Centre contre les manipulations mentales
- Formation: 1981; 45 years ago
- Founder: Roger Ikor
- Location: France;
- Website: ccmm.asso.fr

= Centre contre les manipulations mentales =

French anti-cult organization

The Centre contre les manipulations mentales or Centre Roger Ikor, widely abbreviated CCMM, is a French anti-cult association.

== History ==
The association was founded in 1981 by the writer Roger Ikor, winner of the Prix Goncourt in 1955, after the suicide of his son, a follower of Zen macrobiotics.

The CCMM was chaired from 1997 to 1998 by Alain Vivien. Before resigning to become president of the Interministerial Mission for the Fight against Sects (MILS), he hired his wife Patricia as executive director.
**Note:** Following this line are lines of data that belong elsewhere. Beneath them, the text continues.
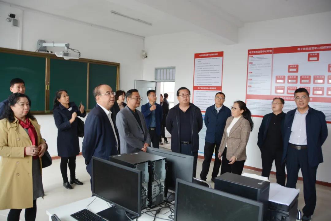赵青山一行实地参观了校园建设、电商直播实训室、农牧实训基地文络式光伏玻璃大棚、智能日光温室大棚、食用菌菌包生产车间、养羊场、珍禽养殖场及培训中心等实习实训场所,并听取了校领导的详细介绍。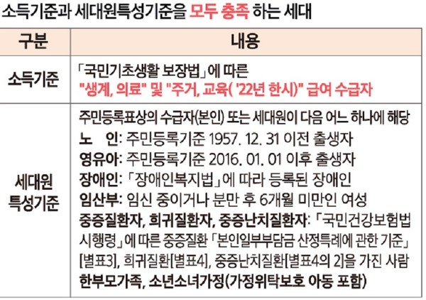 세대원 특성 기준은 수급자 중 본인 또는 등본상 세대원 중 1명이라도 다음 어느 것에 해당되어야 합니다.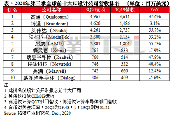 拓墣表示,高通受益于蘋果公司的iPhone 12的暢銷,基帶與無線射頻芯片需求大幅上升,第三季度營(yíng)收49.67億美元,同比增長(zhǎng)37.6%,反超博通,位居第一。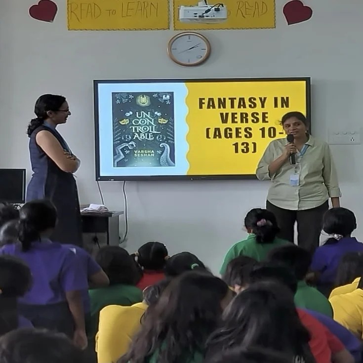 The fact that I cannot remember how many schools I visited in 2023 says a lot! Sharada Mandir in Kadamba, Mahindra International School and Dr Dada Gujar English Medium School in Pune, VIBGYOR, One World International and Redbridge Academy in Bengaluru, Bombay International School in Mumbai … I took my books all over the country last year. This was in addition to events at Crossword (Pune), Funky Rainbow (Bengaluru) and Kahaani Box (Bengaluru). I did online interactions too, notably one for the Neev Literature Festival because my book, Sisters at New Dawn, was part of their reading challenge this year.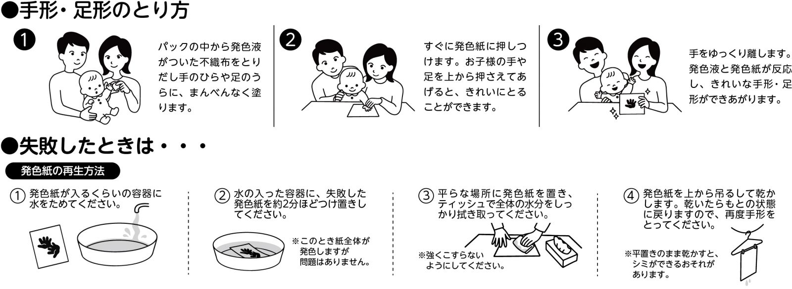 特殊な発色紙と発色液が反応することで、お子様の手足をインクで汚さずに手形や足形をとることができます。失敗しても発色紙を水洗いすることでとり直しが可能。発色紙、発色液は日本製を採用しており、発色液は化粧品等にも使われている安全性の高い成分を使用しています。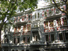 Город молодой, почти все достопримечательности – периода расцвета дикого капитализма, а мне этот период архитектурно симпатичен. Есть и замученные дома (один, на Садовой, особенно жалко), но в основном – в пристойном виде, есть знаменитые дворики с отдельными лестницами в каждую квартиру… В общем, колоритно. А вот Дерибасовской не проникся – сплошные уличные забегаловки, закрывающие фасады, не украсили. Заставила приостановиться и одна совсем новостройка – Арабский культурный центр с надписью по-русски, но якобы вязью под крышей: `БОГ ЕДИН`. Как там продолжение? `И Магомет пророк его`?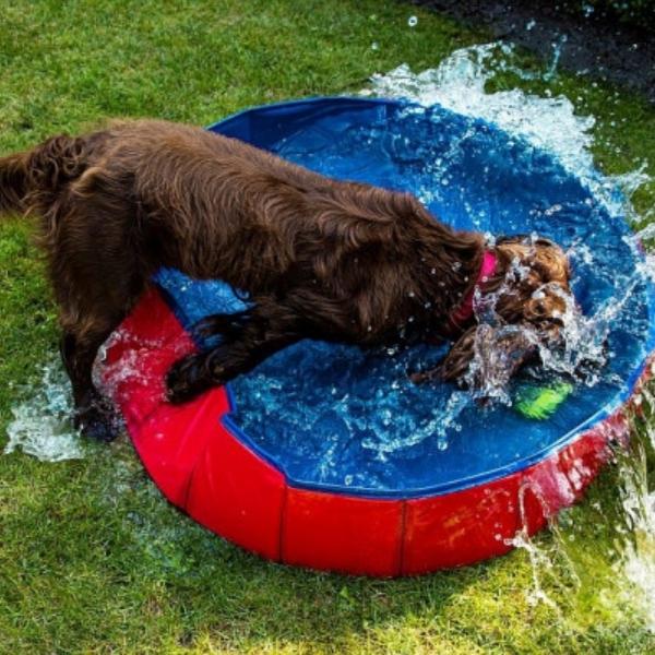 The cooling coat can be plunged into water and wrung out to remove any excess water. It can then be placed on your dog to reduce the risk of overheating. The coat should retain moisture for hours and will make your dog feel cool and not wet.
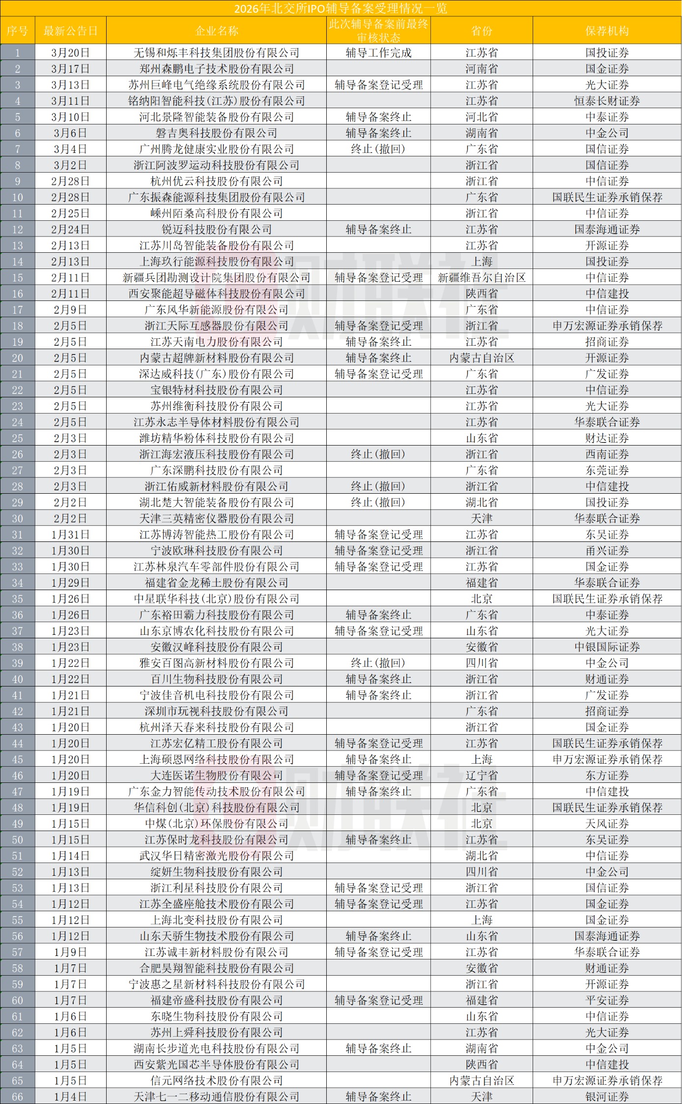 数据一:66家北交所IPO辅导备案受理,一半为二次申报
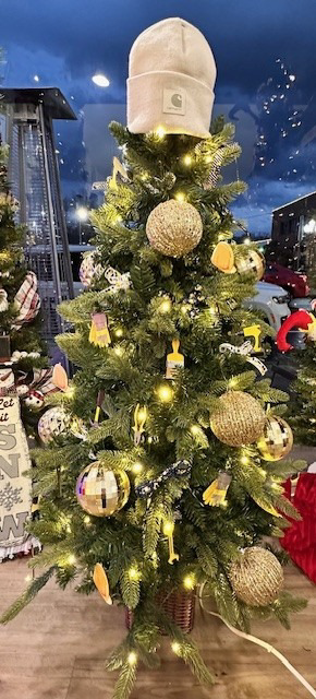 A 4 ft Outdoor Tree covered in construction ornaments. This one is ready for your porch! Comes with a $50 Lowes Gift Card and $50 Cracker Barrel Gift Card

Patricia Vivien had an important role in the CCMM, and eventually was said to have more power than the president.

== Criticism ==
The writings of CCMM are a source of information for organizations such as MIVILUDES. The CCMM was sometimes criticized, notably because of financial disclosure and the important role of Patricia Vivien when Alain Vivien was president of MIVILUDES, which led to collusion between the two associations.

Priest Jean Vernette criticized the association for the publication of its book entitled Dictionnaire des sectes which contains a list of cults, including some Roman Catholic groups.